Therefore, in that context, it can be said that proposed mechanism can offer better performance in contrast to 
existing system. Another significant contribution of the proposed system is its usage of probability theory to 
perform computation of level of outliers present from the pixel-levels using block-based transformation 
process. For the purpose of resisting detection of too much of local values, the proposed system carry out 
appending of both temporal as well as spatial data that bears more contextual information. It is to be noted 
that proposed system uses unsupervised learning approach that is completely free from any form of human 
intervention with respect to both feature-based learning as well as framework-based learning. The study 
outcome shows better performance with respect to existing system and offers better computational 
performance while performing the process of identification. Section 1.1 discusses about the existing 
literatures where different techniques are discussed for detection schemes used in outlier localization in video 
surveillance system followed by discussion of research problems in Section 1.2 and proposed solution in 1.3. 

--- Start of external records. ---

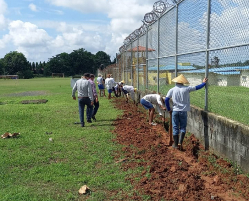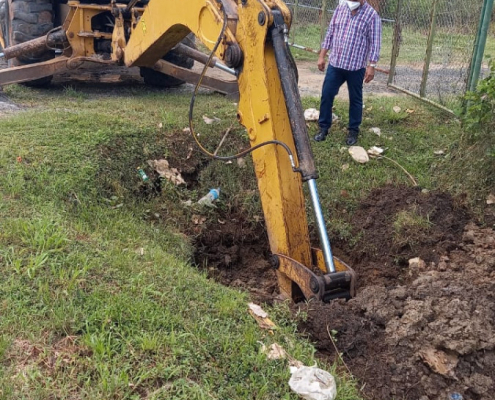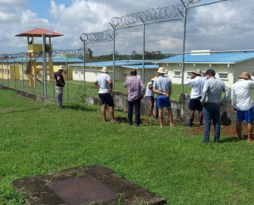 Panamá, 13 de octubre de 2021. Un grupo de diez jóvenes de la Fase de Reintegración Social y cuadrillas del Instituto de Acueductos y Alcantarillados Nacionales (Idaan) iniciaron los trabajos de excavación e instalación de tuberías para abastecer de agua potable al centro de Cumplimiento de Las Garzas, proyecto que adelanta la administración de la ministra de Gobierno, Janaina Tewaney Mencomo y que busca regularizar el suministro de agua potable a los centros penitenciarios.
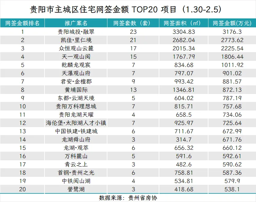据贵州省房协统计数据,2026年1月30日至2026年2月5日,贵阳主城六区住宅网签金额榜单中:
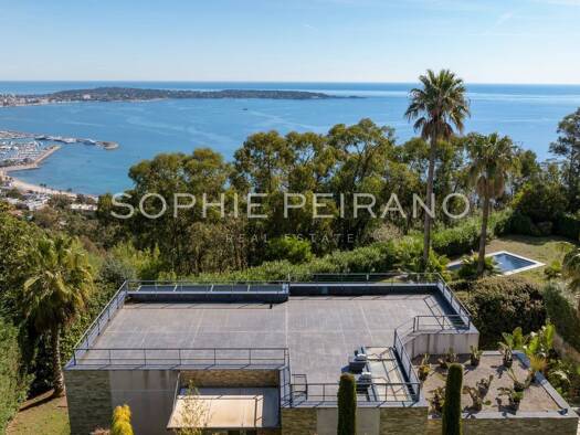 Auf den Anhöhen von Golfe-Juan, im Herzen eines Landschaftsgartens von ca. 3000 m² bietet diese wunderschöne Villa mit hochwertigen zeitgenössischen Leistungen einen außergewöhnlichen Panoramablick a...
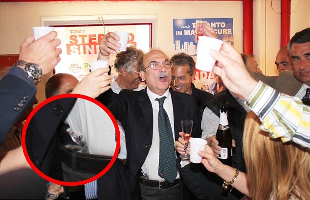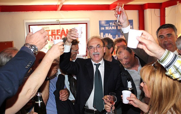 Ο δήμαρχος της πόλης Taranto στη νότια Ιταλία, Ippazio Stefano, γιόρτασε την επανεκλογή του μαζί με τους υποστηρικτές του και με τη σαμπάνια να ρέει άφθονη.
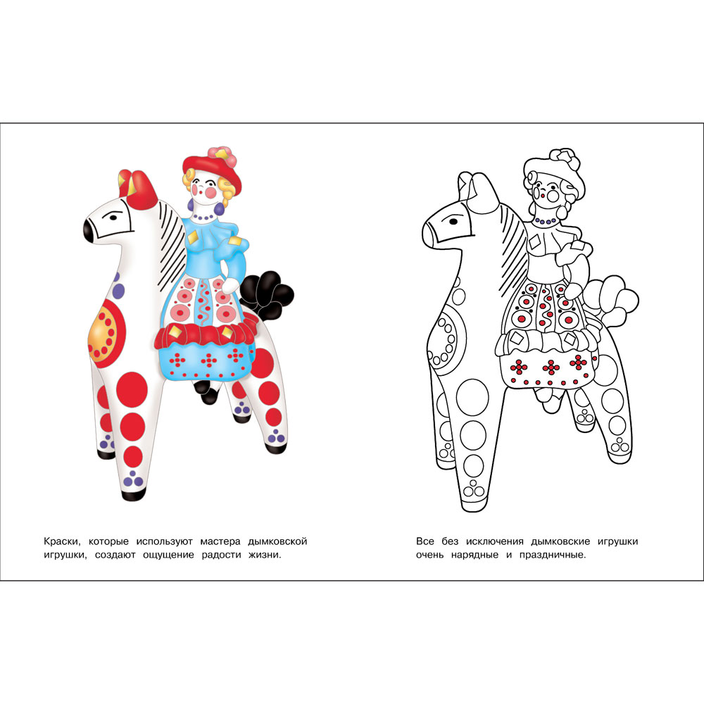 Эта серия раскрасок по образцу предназначена для занятий с детьми дома, в детском саду или в начальных классах школы. Цветные образцы и краткая информация помогут детям расширить свои знания об окружающем мире, в частности о народном промысле «Дымковская игрушка». Раскраска может использоваться как самостоятельно, так и в качестве дополнения к наглядно-дидактическим материалам в папке «Народные промыслы»
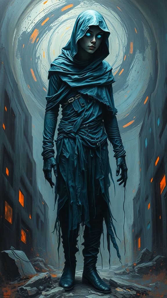 A haunting figure stands in ragged, futuristic clothing, its form stretching and twisting in an eerie blend of human and the unknown. The fabric hangs in tattered elegance, shimmering with metallic hues that shift from deep indigo to glistening emeralds, reflecting its unsettling environment. The background swirls in an intricate dance of chaotic dreamscapes, merging elements of urban decay with alien landscapes. Its eyes pierce through the canvas with an eerie translucence, ghostly yet vivid, each pupil a swirling abyss, drawing the viewer into a state of discomfort and fascination. The color palette is an evocative mix of stark blacks, piercing blues, and fiery oranges, creating a contrast that adds to the disturbing allure of the scene. This surrealist expressionist creation invites the observer into a world where reality is shredded and reformed, leaving behind an imprint of an unsettling yet captivating nightmare.
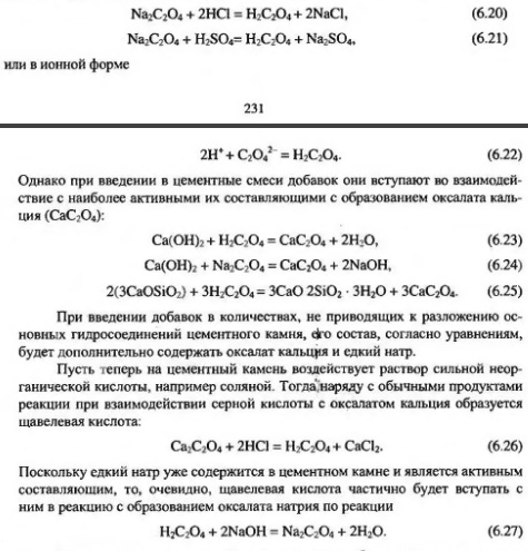 Так, бетон при изготовлении которого вводили 2,4% уксусной кислоты и 2,4% ацетата натрия, имел прочйость при сжатии примерно в 1,5 раза меньше, чем подобная характеристика материала контрольного состава. Значительно повышается сопротивляемость цементных материалов с буферными добавками слабым растворам неорганических кислот. Рассмотрим это влияние на примере цементных композитов с оксалатными буферными системами. При действии растворов соляной и серной кислот на несвязанную оксалатную буферную систему происходят взаимодействия согласно уравнениям:
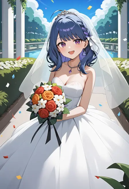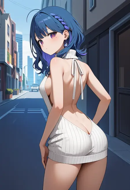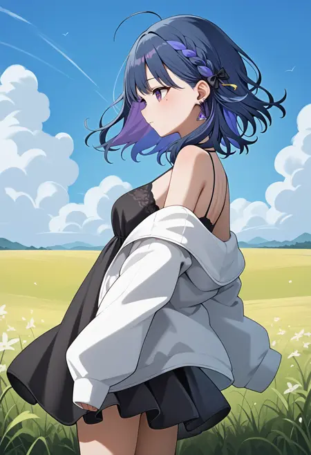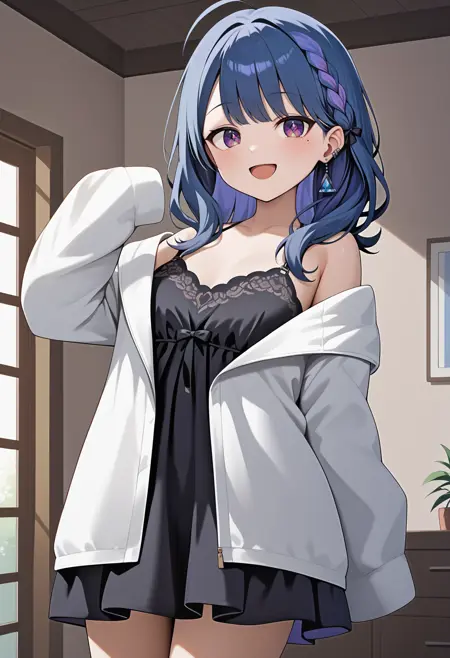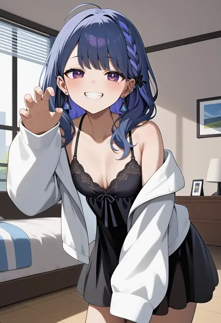 outfit2aatoru, medium hair, multicolored hair, blue hair, purple hair, ahoge, braid, earrings, purple eyes, diamond-shaped pupils, mole under eye, breasts, bare shoulders, lace trim, black dress, negligee, off shoulder, white jacket, long sleeves, sleeves past wrists
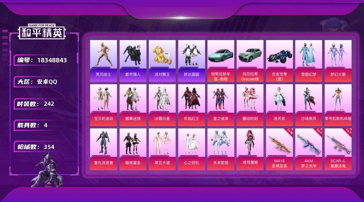 【650817】【不可二次】【安卓QQ】合金龙骨蓝色 沙场疾风 木乃伊 大橘为重 雪国梦幻 M416-五爪金龙 洛天依 M417射手步枪 梦幻火箭 AKM-梦之光华 黄螳螂 UMP45-相思残雪 宝贝奶油派 馨动时刻 SCAR-童趣迷兔 蝶舞迷情 特斯拉R水滴蓝

Section 2 discusses about algorithm implementation for accomplishing the proposed research goals followed 
by discussion of result analysis obtained in Section 3. Finally, the conclusive remarks are provided in 
Section 4. 


1.1. Background 

This section discusses the existing techniques towards the identification of significant events in the 
form of an outlier. Dutta et al. [19] have presented a framework using sparse coding for performing saliency 
detection as well as identification of outliers. Usage of saliency-based approach was also seen in the work of 
Jang and Park [20] towards identifying potholes from grayscale images. Wang et al. [21] have used localized 
histogram for analyzing crowded scene using supervised learning approach. Zhou and Torre [22] have had 
also adopted spatial as well as a temporal scheme for analyzing human poses using three-dimensional 
capturing model. Fu et al. [23] have presented a technique for identification of possible outliers framed from 
the annotation from the video. Li and Haupt [24] investigate the problems associated with the localizing the 
outliers in larger samples of data inflicted with noise. Xue et al. [25] have introduced a technique where the 
outlier’s detection is carried out by emphasizing on the estimation of foreground considering the sparsity 
constraint. Zhou et al. [26] have used a low-rank representation for identification of outliers of contiguous 
type. Gopalan et al. [27] have used learning-based methodology followed by feature extraction from pixel 
hierarchy and using particle filter to perform identification of the outliers from the traffic data considering 
lane markings. Abnormal behavior detection is also investigated over a facial data by Yang and Bhanu [28]. 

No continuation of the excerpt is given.